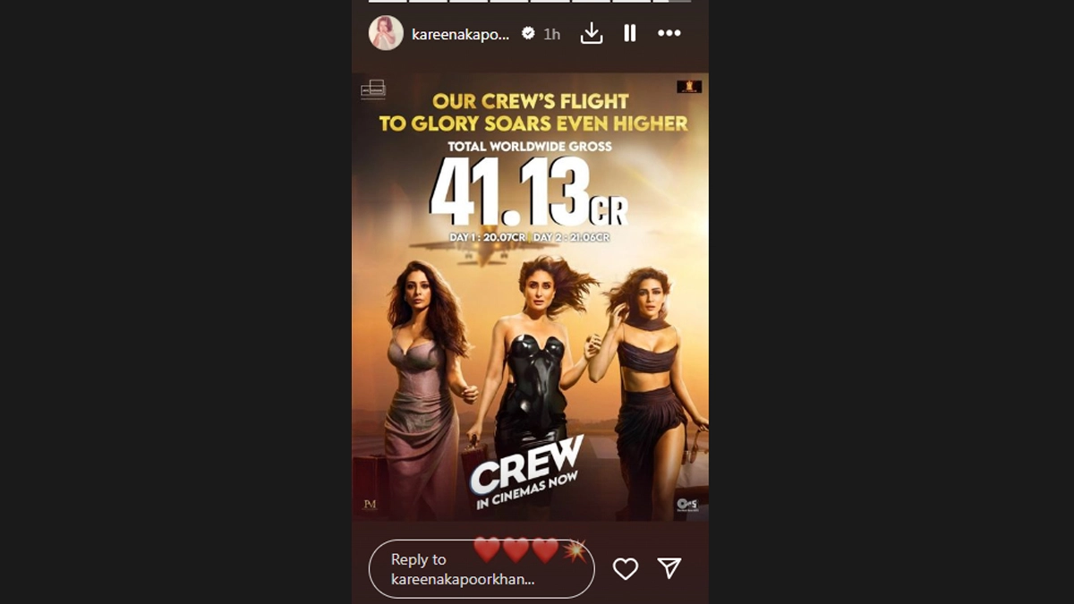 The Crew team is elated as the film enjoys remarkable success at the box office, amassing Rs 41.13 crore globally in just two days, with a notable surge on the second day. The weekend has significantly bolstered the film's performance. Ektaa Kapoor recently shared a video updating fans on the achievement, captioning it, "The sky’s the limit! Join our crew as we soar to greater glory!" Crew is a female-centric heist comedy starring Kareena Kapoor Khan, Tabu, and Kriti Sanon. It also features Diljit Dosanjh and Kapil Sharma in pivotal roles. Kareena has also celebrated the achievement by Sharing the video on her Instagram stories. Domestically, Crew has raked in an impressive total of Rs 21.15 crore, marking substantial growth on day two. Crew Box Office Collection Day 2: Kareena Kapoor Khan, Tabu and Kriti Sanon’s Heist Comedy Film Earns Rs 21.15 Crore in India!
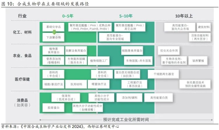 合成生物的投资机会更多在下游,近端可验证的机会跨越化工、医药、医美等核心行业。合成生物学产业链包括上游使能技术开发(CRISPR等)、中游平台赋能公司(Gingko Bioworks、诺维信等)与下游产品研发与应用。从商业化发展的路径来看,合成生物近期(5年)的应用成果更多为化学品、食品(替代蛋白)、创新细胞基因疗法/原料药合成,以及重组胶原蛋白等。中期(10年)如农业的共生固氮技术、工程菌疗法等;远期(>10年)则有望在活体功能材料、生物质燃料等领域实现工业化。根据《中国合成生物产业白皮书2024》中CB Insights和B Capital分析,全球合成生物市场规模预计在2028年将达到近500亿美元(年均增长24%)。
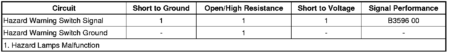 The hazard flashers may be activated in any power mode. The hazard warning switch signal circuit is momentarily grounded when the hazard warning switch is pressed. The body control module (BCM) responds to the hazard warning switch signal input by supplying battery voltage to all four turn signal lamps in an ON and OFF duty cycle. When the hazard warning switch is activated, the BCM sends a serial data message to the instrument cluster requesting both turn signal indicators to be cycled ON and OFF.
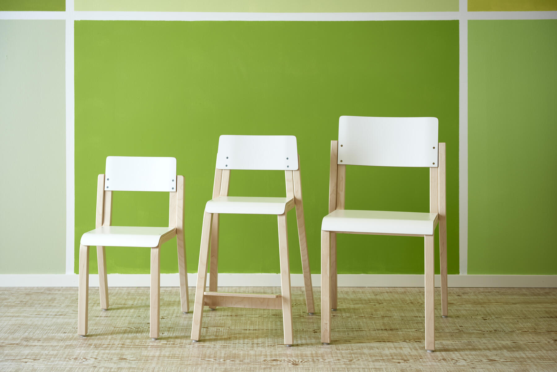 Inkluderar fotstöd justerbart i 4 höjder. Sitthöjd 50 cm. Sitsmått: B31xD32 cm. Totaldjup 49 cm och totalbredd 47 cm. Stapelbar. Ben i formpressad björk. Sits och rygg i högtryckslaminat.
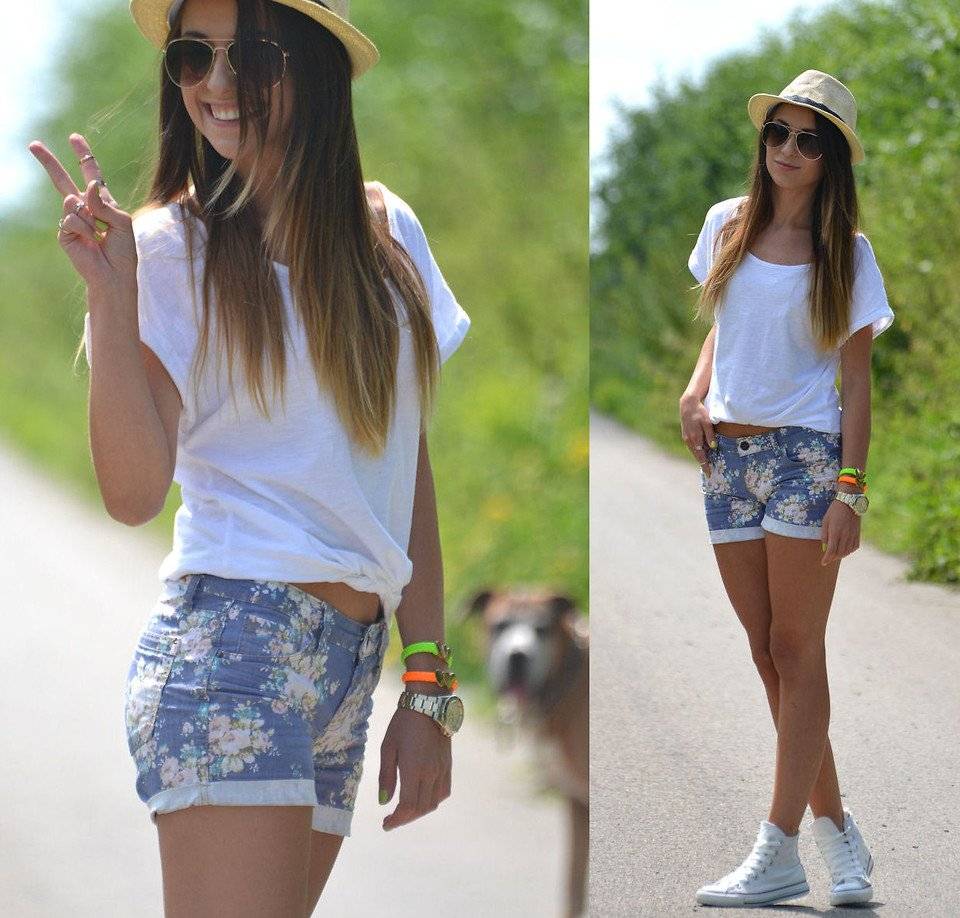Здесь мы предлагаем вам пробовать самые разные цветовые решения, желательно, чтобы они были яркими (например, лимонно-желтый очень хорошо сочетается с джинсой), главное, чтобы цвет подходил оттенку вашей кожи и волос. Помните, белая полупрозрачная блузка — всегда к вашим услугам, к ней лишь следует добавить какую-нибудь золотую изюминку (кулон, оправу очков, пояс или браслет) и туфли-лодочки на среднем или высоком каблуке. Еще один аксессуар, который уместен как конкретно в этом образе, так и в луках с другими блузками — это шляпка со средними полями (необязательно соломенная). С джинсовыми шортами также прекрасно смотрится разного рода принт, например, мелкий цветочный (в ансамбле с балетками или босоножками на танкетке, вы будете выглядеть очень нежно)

_ _ _

Problem details
Could you restate the entries word for word, skipping any pictures?

Solution
 The Crew team is elated as the film enjoys remarkable success at the box office, amassing Rs 41.13 crore globally in just two days, with a notable surge on the second day. The weekend has significantly bolstered the film's performance. Ektaa Kapoor recently shared a video updating fans on the achievement, captioning it, "The sky’s the limit! Join our crew as we soar to greater glory!" Crew is a female-centric heist comedy starring Kareena Kapoor Khan, Tabu, and Kriti Sanon. It also features Diljit Dosanjh and Kapil Sharma in pivotal roles. Kareena has also celebrated the achievement by Sharing the video on her Instagram stories. Domestically, Crew has raked in an impressive total of Rs 21.15 crore, marking substantial growth on day two. Crew Box Office Collection Day 2: Kareena Kapoor Khan, Tabu and Kriti Sanon’s Heist Comedy Film Earns Rs 21.15 Crore in India!
 合成生物的投资机会更多在下游,近端可验证的机会跨越化工、医药、医美等核心行业。合成生物学产业链包括上游使能技术开发(CRISPR等)、中游平台赋能公司(Gingko Bioworks、诺维信等)与下游产品研发与应用。从商业化发展的路径来看,合成生物近期(5年)的应用成果更多为化学品、食品(替代蛋白)、创新细胞基因疗法/原料药合成,以及重组胶原蛋白等。中期(10年)如农业的共生固氮技术、工程菌疗法等;远期(>10年)则有望在活体功能材料、生物质燃料等领域实现工业化。根据《中国合成生物产业白皮书2024》中CB Insights和B Capital分析,全球合成生物市场规模预计在2028年将达到近500亿美元(年均增长24%)。
 The hazard flashers may be activated in any power mode. The hazard warning switch signal circuit is momentarily grounded when the hazard warning switch is pressed. The body control module (BCM) responds to the hazard warning switch signal input by supplying battery voltage to all four turn signal lamps in an ON and OFF duty cycle. When the hazard warning switch is activated, the BCM sends a serial data message to the instrument cluster requesting both turn signal indicators to be cycled ON and OFF.
 Inkluderar fotstöd justerbart i 4 höjder. Sitthöjd 50 cm. Sitsmått: B31xD32 cm. Totaldjup 49 cm och totalbredd 47 cm. Stapelbar. Ben i formpressad björk. Sits och rygg i högtryckslaminat.
Здесь мы предлагаем вам пробовать самые разные цветовые решения, желательно, чтобы они были яркими (например, лимонно-желтый очень хорошо сочетается с джинсой), главное, чтобы цвет подходил оттенку вашей кожи и волос. Помните, белая полупрозрачная блузка — всегда к вашим услугам, к ней лишь следует добавить какую-нибудь золотую изюминку (кулон, оправу очков, пояс или браслет) и туфли-лодочки на среднем или высоком каблуке. Еще один аксессуар, который уместен как конкретно в этом образе, так и в луках с другими блузками — это шляпка со средними полями (необязательно соломенная). С джинсовыми шортами также прекрасно смотрится разного рода принт, например, мелкий цветочный (в ансамбле с балетками или босоножками на танкетке, вы будете выглядеть очень нежно)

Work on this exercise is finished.